The world wide web is another domain in which operational collection and analysis of statistics is vital to support of services. Similar to our NSFNET analysis work, we have explored the utility of operationally collected web statistics, generally in the form of http logs. We analyzed two days of queries to the popular mosaic server at NCSA to assess the geographic distribution of transaction requests. The wide geographic diversity of query sources and popularity of a relatively small portion of the web server file set present a strong case for deployment of geographically distributed caching mechanisms to improve server and network efficiency.

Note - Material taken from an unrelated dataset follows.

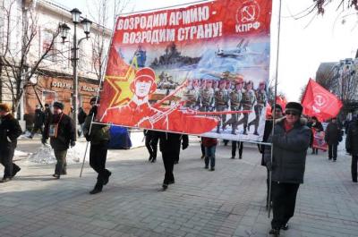 23 февраля, не смотря на сильный мороз, в г. Саратове, а также в Балаково, Балашове, Марксе, Пугачеве и в большинстве райцентров области состоялись шествия, митинги и пикеты, посвященные 96-й годовщине основания Советской Армии и Военно-Морского Флота, организованные местными отделениями КПРФ, в рамках Всероссийской акции протеста в поддержку армии, против порочной военной реформы, подрывающей кадровый потенциал и боеспособность Вооружённых Сил.
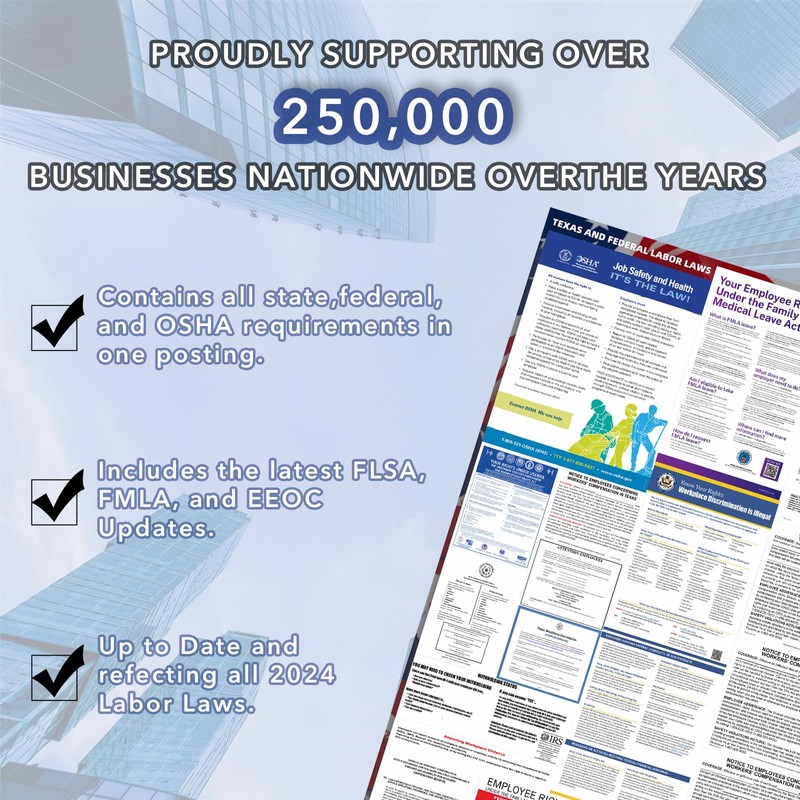 - ๐๐๐% ๐๐จ๐ฆ๐ฉ๐ฅ๐ข๐๐ง๐๐ ๐๐ฎ๐๐ซ๐๐ง๐ญ๐๐: Whether it's 2024 labor law poster texas or federal labor regulations poster, we ensure this poster aligns perfectly with the latest legal standards to safeguard employee rights. We guarantee that your workplace meets all legal requirements.

We analyzed the impact of caching the results of queries within the geographic zone from which the request was sourced, in terms of reduction of transactions with and bandwidth volume from the main server . We found that a cache document timeout even as low as 1024 seconds (about 17 minutes) during the two days that we analyzed would have saved between 40% and 70% of the bytes transferred from the central server. We investigated a range of timeouts for flushing documents from the cache, outlining the tradeoff between bandwidth savings and memory/cache management costs. Further exploration is needed of the implications of this tradeoff in the face of possible future usage-based pricing of backbone services that may connect several cache sites.
Other issues that caching inevitably poses include how to redirect queries initially destined for a central server to a preferred cache site. The preference of a cache site may be a function of not only geographic proximity, but also current load on nearby servers or network links. Such refinements in the web architecture will be essential to the stability of the network as the web continues to grow, and operational geographic analysis of queries to archive and library servers will be fundamental to its effective evolution.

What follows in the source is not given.